This Side of Jordan - Violent jazz age novel by Charles M Schulz's son Monte

Monte Schulz's This Side of Jordan is the first volume of a jazz-age trilogy that was twelve years in the writing, produced in tribute to Schulz's father, the cartoonist Charles M Schulz. It is beautifully written and thoroughly researched, a veritable time-machine that whirled me through time to the dirty back roads of the American midwest in the year before the Depression.

This Side of Jordan is the story of Alvin Pendergast, a selfish, ignorant, bitter consumptive farm-boy who lights out across America with Chester Burke, a vicious gangster and serial killer. On their first job, they pick up Rascal, a mad dwarf who's been imprisoned by his aunt who hopes to steal his inheritance. The three set out on a series of violent, picaresque adventures as Chester drags them from one act of bloody, senseless criminality to the next.

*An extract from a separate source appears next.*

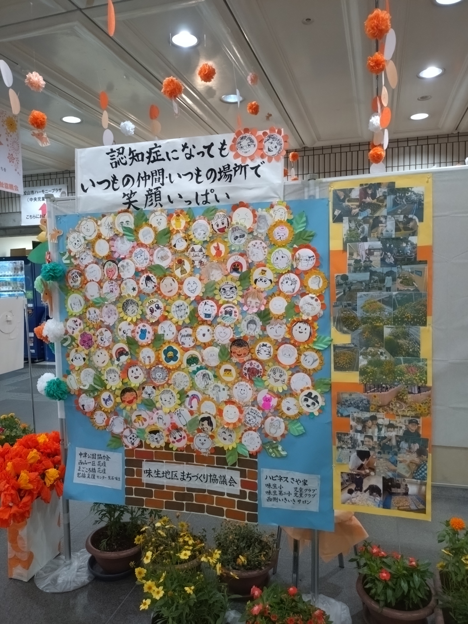 公開日 2026/1/22 お知らせ活動報告 環境部 令和7年度「オレンジガーデニングプロジェクト」参加 今年も 松山市社会福祉協議会が行う「認知症理解啓発事業~9月は世界アルツハイマー月間です~」に参加しました。味生地区の8団体にご協力いただき、紙コースターに笑顔を描いたオレンジの花がたくさん集まりました。 この笑顔いっぱいの作品は、マリーゴールドのプランターと一緒に、期間中、松山市総合福祉センター1階ロビーに展示されました。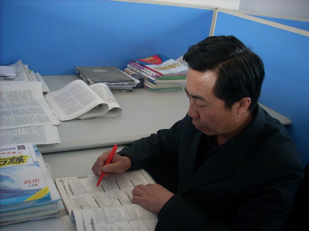 他,是我的班主任老师--黎学忠 ,别看他是个男老师,而且已经是40多岁了,但是,他干起工作来可是一丝不苟,兢兢业业。而且对我们的关怀也无微不致,不论我们班那位同学有困难,他都尽力帮助解决,而且还帮助家庭经济困难的学生交学费,这使得我们班同学都非常的尊敬他。看,已经下班了,老师还在给我们批改作业呢!

Did I mention how good the writing is? The writing is excellent. The characters -- the unlikable, passive Alvin; the unlikable, psychotic Chester; the unlikable, compulsive liar Rascal -- are extremely well drawn. The setting is so vivid I felt like I could fall into the book and lose myself there, landing on some dusty road in a tourist camp where the hicks waited to be fleeced or killed by Chester.

In case you missed it, though, I should reiterate that I didn't like any of these characters. The most active character was a sociopath. The secondmost active character was a hopeless, compulsive liar. The point of view character never does a thing off his own bat, and is, instead, led through the action by the people around him.

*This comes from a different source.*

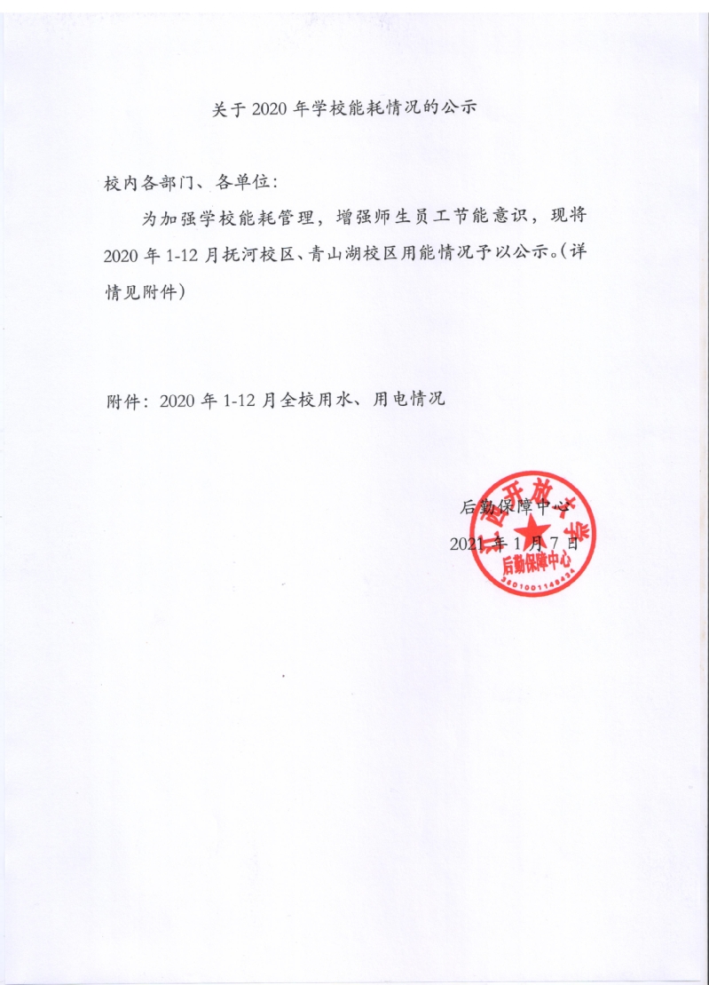 关于2020年学校能耗情况的公示
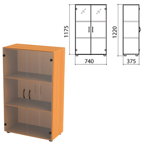 Шкаф закрытый со стеклом "Фея", 740х375х1220 мм, цвет орех милан (КОМПЛЕКТ)

But I kept reading. I couldn't stop. This book is a masterpiece of setting and storytelling, even if most of the dramatic tension came from waiting for someone who wasn't an utter fool or villain to do something, anything, to change the situation.

This Side of Jordan


  1. Everything but the time period sounds a lot like Cormac McCarthy’s Blood Meridian. A horrifying storyline that is so well written I couldn’t stop reading. I love McCarthy, but I need to take long breaks between his books.

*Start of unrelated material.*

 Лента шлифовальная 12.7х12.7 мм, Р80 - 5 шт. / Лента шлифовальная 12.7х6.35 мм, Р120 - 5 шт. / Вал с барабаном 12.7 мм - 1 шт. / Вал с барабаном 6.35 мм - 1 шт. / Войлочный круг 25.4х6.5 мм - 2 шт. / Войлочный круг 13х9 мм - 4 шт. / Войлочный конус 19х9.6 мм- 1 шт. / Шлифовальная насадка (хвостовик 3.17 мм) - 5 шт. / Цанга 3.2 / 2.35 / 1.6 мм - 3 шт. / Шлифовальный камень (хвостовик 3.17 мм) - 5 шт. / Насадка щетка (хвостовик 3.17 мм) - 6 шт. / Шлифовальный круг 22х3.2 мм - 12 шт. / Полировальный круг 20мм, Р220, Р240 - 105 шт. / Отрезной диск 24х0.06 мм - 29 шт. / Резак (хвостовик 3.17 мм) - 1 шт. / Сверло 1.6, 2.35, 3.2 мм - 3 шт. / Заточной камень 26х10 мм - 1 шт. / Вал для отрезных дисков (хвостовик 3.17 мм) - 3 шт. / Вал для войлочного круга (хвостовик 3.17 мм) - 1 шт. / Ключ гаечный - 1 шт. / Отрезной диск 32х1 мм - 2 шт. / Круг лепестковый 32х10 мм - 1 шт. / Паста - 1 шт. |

  2. The cover of this book heavily reminds me of Jason Lutes’ “Berlin Trilogy”, which is a graphic novel set in late Wiemar Republic Germany. It’s got a diverse cast of characters – rich, poor, artists, intellectuals, workers, Communists, Nazis, Jews and even a black American jazz band make an appearance. It captures the social, economic and political fragmentation of the inter war period – the disappearance of “traditional” morality, the cultural ferment, the extremist politics and the economic depression.

    I think you’d really like it Cory, if you haven’t already read it.

  3. “most of the dramatic tension came from waiting for someone who wasn’t an utter fool or villain to do something, anything, to change the situation.” – maybe it’s just me, but without at least one empathic character, there’s no empathy; hence no stake in the outcome of the story. I’ve yet to find a story like this that I enjoyed.

    Still: I generally like Corey’s picks, so if I see this book, I’ll pick it up anyhow, just to see if I can be converted :)

  4. It’s not just you, Dewi, but it’s also not everybody. I know a lot of people who can’t read a book that doesn’t have at least one character in it that they like, but I myself am perfectly capable of enjoying a book full o’ bastards.

    1. Doesn’t need to be a *like*. Just an *empathise with*. I guess in my mind, “being able to relate to someone” is a prerequisite for “being at all interested in them”. This, to me, feels like a brokenness: I should have at least some interest even in people I cannot relate to. I shall have to probe this further, possibly with the aid of this book.

  5. Monte’s first novel, “Down by the River,” has a character named Jane Crockett who is very likeable — and sexy in a free-spirited, non-sleazy way.

    I wouldn’t say that “This Side of Jordan” has a character comparable to Jane, but being memorable is as good as being likeable.